Aslında bugün yanımdan bir tane Halo geçti.
Gözleri yorgun ama ateş saçan ve kısık ama hedefi belli olan.
Yanımdan bin farklı değil tek bir Halo geçti.
Biliyorum.
Öfkeli bakışı işe değil, çatık kaşı işe değildir.
Bin farklı değil bir tek Halo geçti yanımdan
Biliyorum.
Küfür savurdu içinden, kimde benim alın terim diye.
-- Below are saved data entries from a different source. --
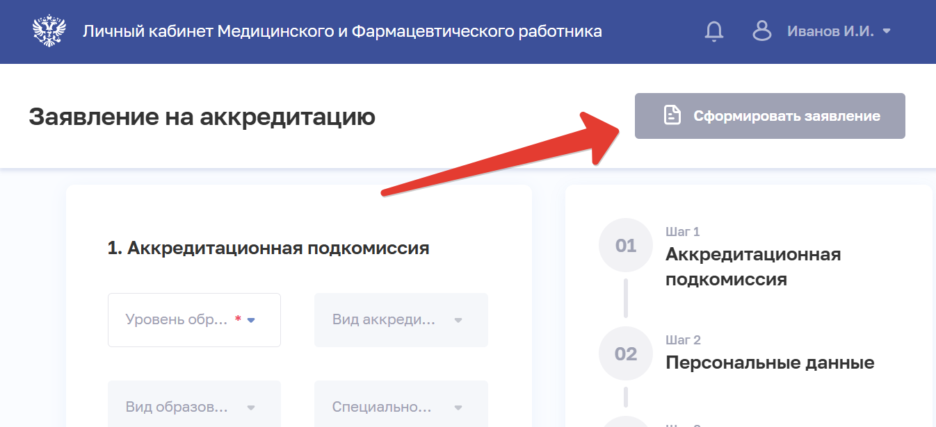 Одной из ключевых функций ЛКМР является подача заявлений на аккредитацию. Для этого необходимо: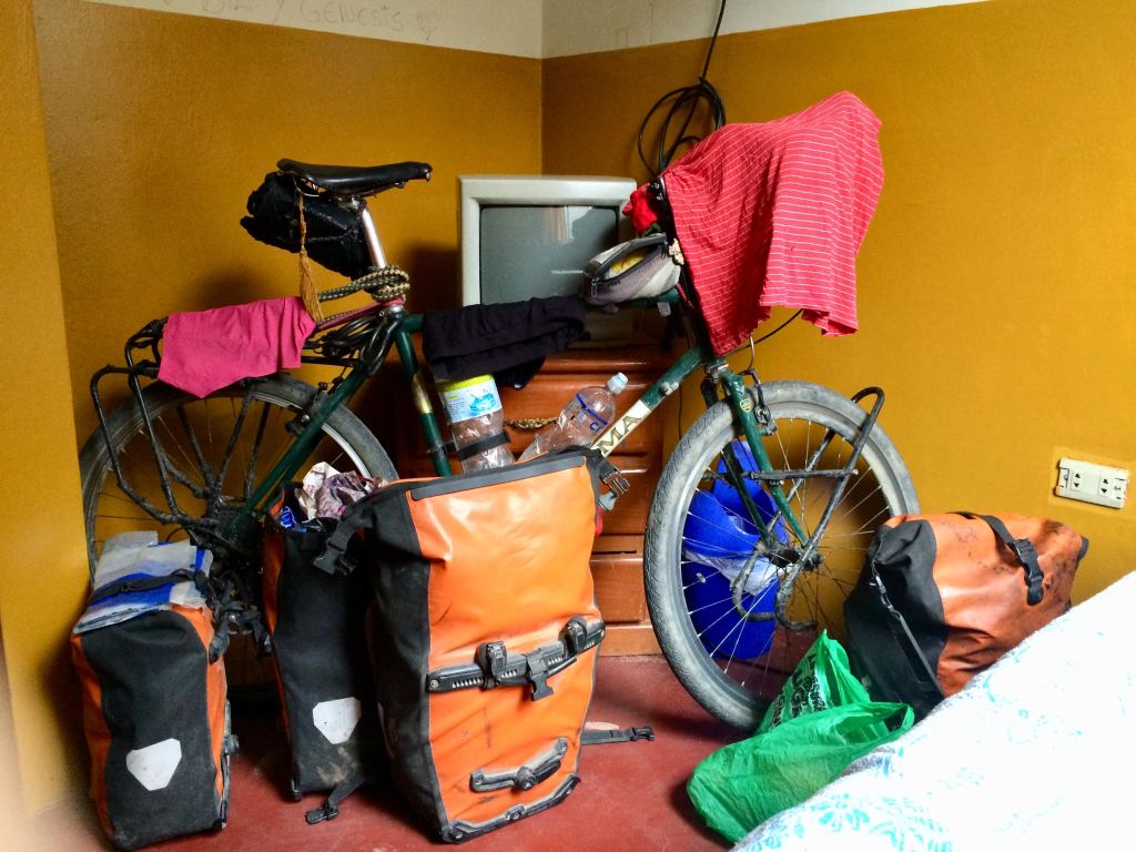 The next day I had planned a longer ride of 45 kilometres and 1,100 metres of ascending up to the next town with a hotel. I was up and out at 7am, just eager to cycle. The road consistently followed a winding river that cut through the mountains, and the traffic was light, but I stopped completely whenever I heard or saw a truck coming up behind me to let it pass safely on the narrow road. I didn’t want anything to go wrong now and I had all day. The only thing that really disturbed me were the dogs, and unfortunately there were many of them on this stretch of road and they all seemed extremely mad at me. They would bark loudly and sprint towards me, growling with their teeth out, and they scared me a lot. I found myself most confident in stopping to face them with shouts and rocks (which to their luck I was extremely bad at hitting them with), instead of encouraging them to chase me while I tried cycling away from them, which I wasn’t able to anyway. It worked most of the day, only one dog actually snapped at my panniers, but I was shaken and had a sore throat as I reached Huariaca, the town of that day. It was just before the big afternoon rain pour and I found shelter first in a restaurant and then in a nice little hotel. Here I spent the rest of the afternoon reading and hiding from the intensity of the world.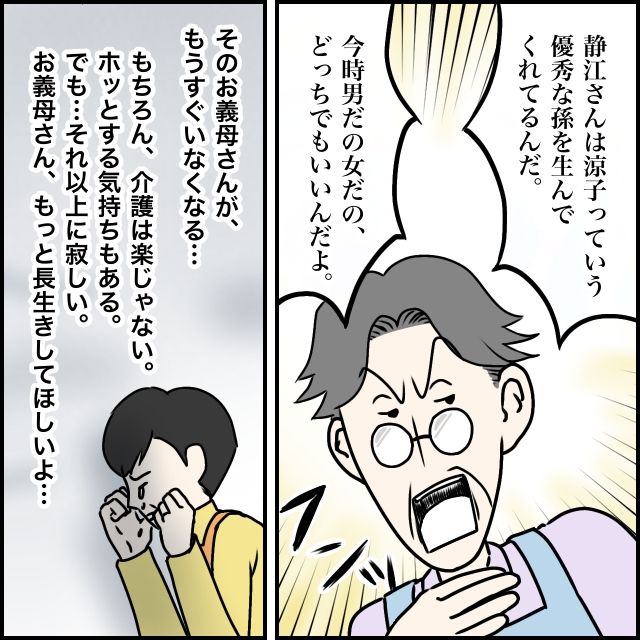 「静江さんは涼子っていう優秀な孫を生んでくれてるんだ。今時男だの女だの、どっちでもいいんだよ。フンッ」と義母が言ってくれ救われた気分になったのです。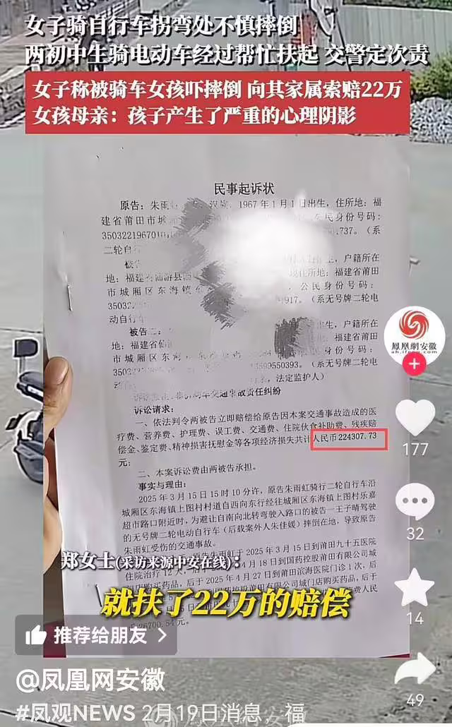 根據《中安在線》、《中國藍新聞》報導,去年 (2025年) 3月15日下午,朱姓婦人表示自己騎自行車到路口時,為了閃躲2名國中女生騎的電動腳踏車才會摔倒。不過女同學的媽媽鄭小姐反駁,路口監視器顯示朱婦為了躲前一輛白色轎車就已經重心不穩,後來女兒和朋友騎車路過,看到朱婦倒地時有猶豫是否上前幫忙。朋友提議:「那就扶唄,又沒事。」兩個孩子才幫忙牽起腳踏車並扶起老人家。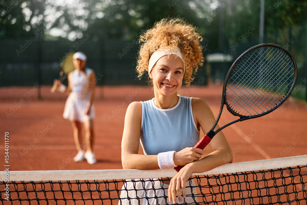Confident female tennis player leaning on net after match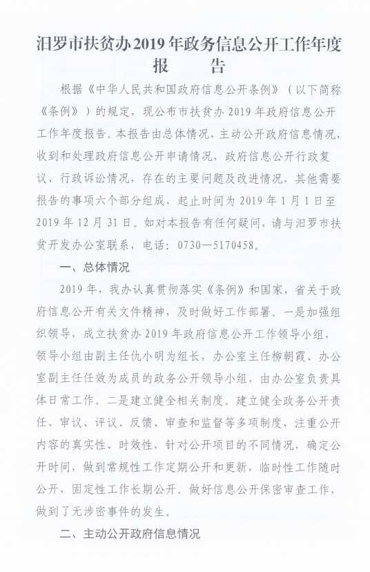 汨罗市扶贫办2019年政务信息公开工作年度报告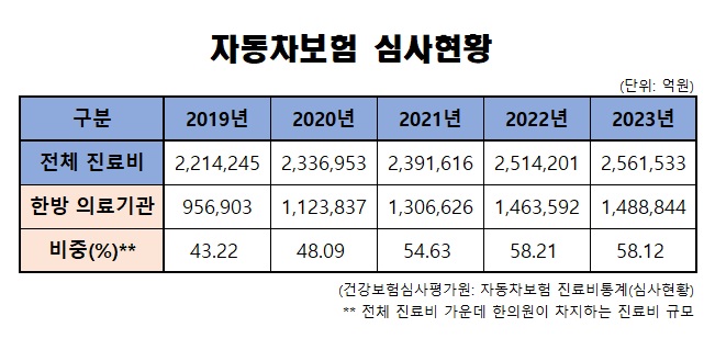 반대로 자동차보험 진료비 영역으로 넘어오면 상황은 역전된다. 심평원의 ‘자동차보험 진료비통계’에 따르면 자보 진료비는 지난 2019년 9,569억원에서 2023년 1조4,888억원으로 꾸준히 늘었다. 증가율은 55.59%였다. 전체 자보 진료비 가운데 한방 진료비가 차지하는 비율은 58.13%로 절반을 넘겼다.

Tek bir Halo geçti ve gitti yanımdan.
Deponun bir ucundan diğer ucuna gitti.
Durmadı tek bir Halo gitti yanımdan.
Biliyorum.
Her kahpeliği, namertliği, haysiyetsizliği yaptılar sana Halo
Ama senin kirlenen ya sakalın ya kıyafetin oldu.
Durmayacaktı Halo, durursa vazgeçecekti ama
Vazgeçmiyor, inadına gidiyordu
Hep gidiyordu
Hep ileri!
Ey geleceğin komünist toplumu!
Bizim fabrikada durum da bu Halo da.
İzin ver sorayım simdi sana.
Fabrika bizim oldu mu?
Halo’nun öncü partisi geldi mi bizim fabrikanın önüne?
Anlatabildi mi sana bizi?
En önemlisi yoldaşım oldu mu Halo?
Hafif bir tebessümle bakıyorum sana.
Gelmese öncü parti, anlatmasa seni
Bizim olmasa fabrikalar, tarlalar
En önemlisi de yoldaşım olmasa Halo, sana yaklaşabilir miydik bir adım?
Olmazdı tabi.
Fabrikaya gelip seni anlatanlara ve Halo’ya ve bir, sana bin selam olsun!